- INFORMATION SUPPLIED:
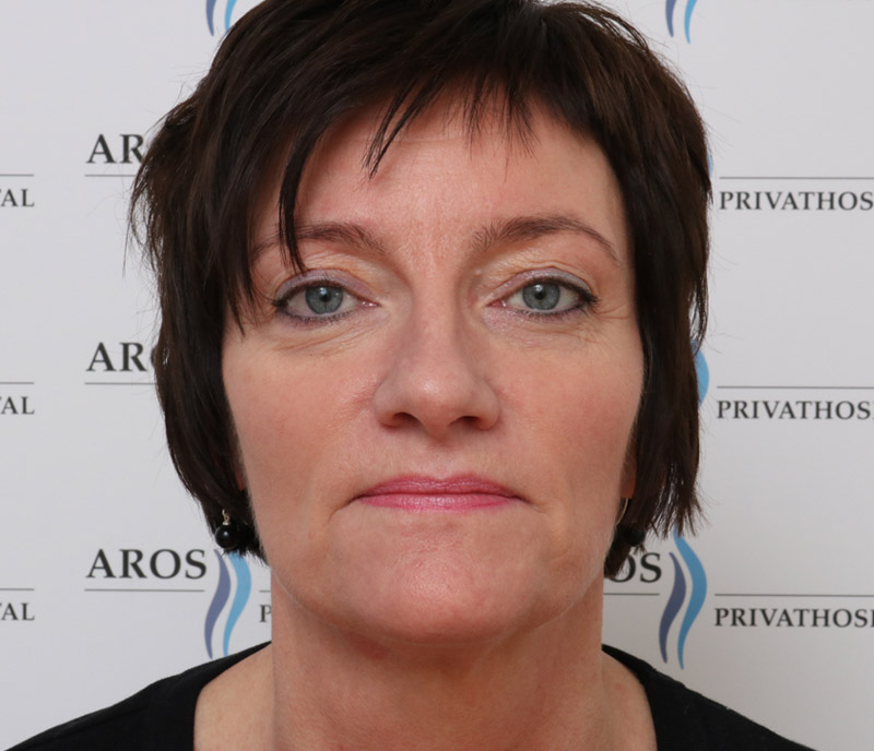 Behandlingsvalget bliver et MACS-løft kombineret med liposuction af nedre kinder-hals og løft af nedre øjenlåg. Helhedsindtrykket er et lettere, friskere ansigt med slankt, V-formet nedre ansigt uden tegn på operation.
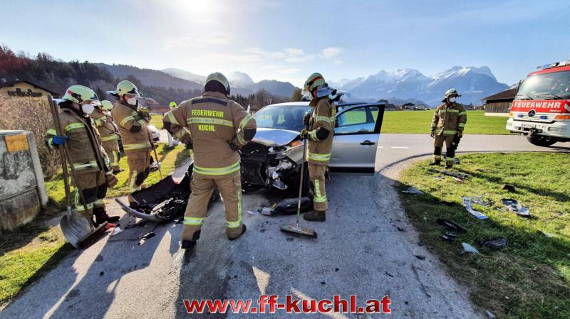 Die Mitglieder der Freiwilligen Feuerwehr Kuchl übernahmen die Absicherung der Unfallstelle. Brandschutz wurde aufgebaut und ausfließende Flüssigkeiten gebunden. Nach den Aufräumungsarbeiten konnten die Einsatzkräfte nach ca. einer Stunde wieder einrücken.
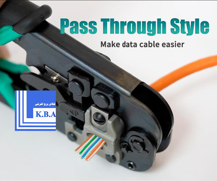 - کاربرد اصلی: پرس کردن سوکتهای عبوری (Pass Through) بهویژه در کابلهای CAT5، CAT6 و CAT7.
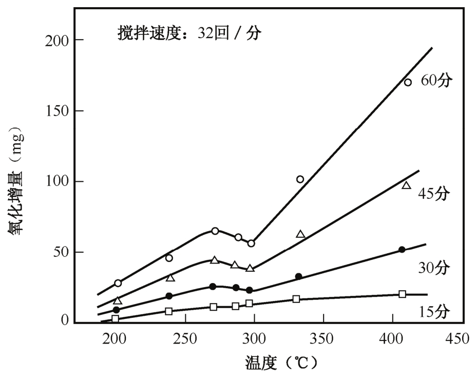 图4.1 在搅拌条件下Sn40Pb焊料的氧化增量与温度及搅拌时间的关系

- ABOUT THIS TASK:
From the first line to the last, retype the data exactly, without images.

- EXERCISE ANSWER:
 Behandlingsvalget bliver et MACS-løft kombineret med liposuction af nedre kinder-hals og løft af nedre øjenlåg. Helhedsindtrykket er et lettere, friskere ansigt med slankt, V-formet nedre ansigt uden tegn på operation.
 Die Mitglieder der Freiwilligen Feuerwehr Kuchl übernahmen die Absicherung der Unfallstelle. Brandschutz wurde aufgebaut und ausfließende Flüssigkeiten gebunden. Nach den Aufräumungsarbeiten konnten die Einsatzkräfte nach ca. einer Stunde wieder einrücken.
 - کاربرد اصلی: پرس کردن سوکتهای عبوری (Pass Through) بهویژه در کابلهای CAT5، CAT6 و CAT7.
 图4.1 在搅拌条件下Sn40Pb焊料的氧化增量与温度及搅拌时间的关系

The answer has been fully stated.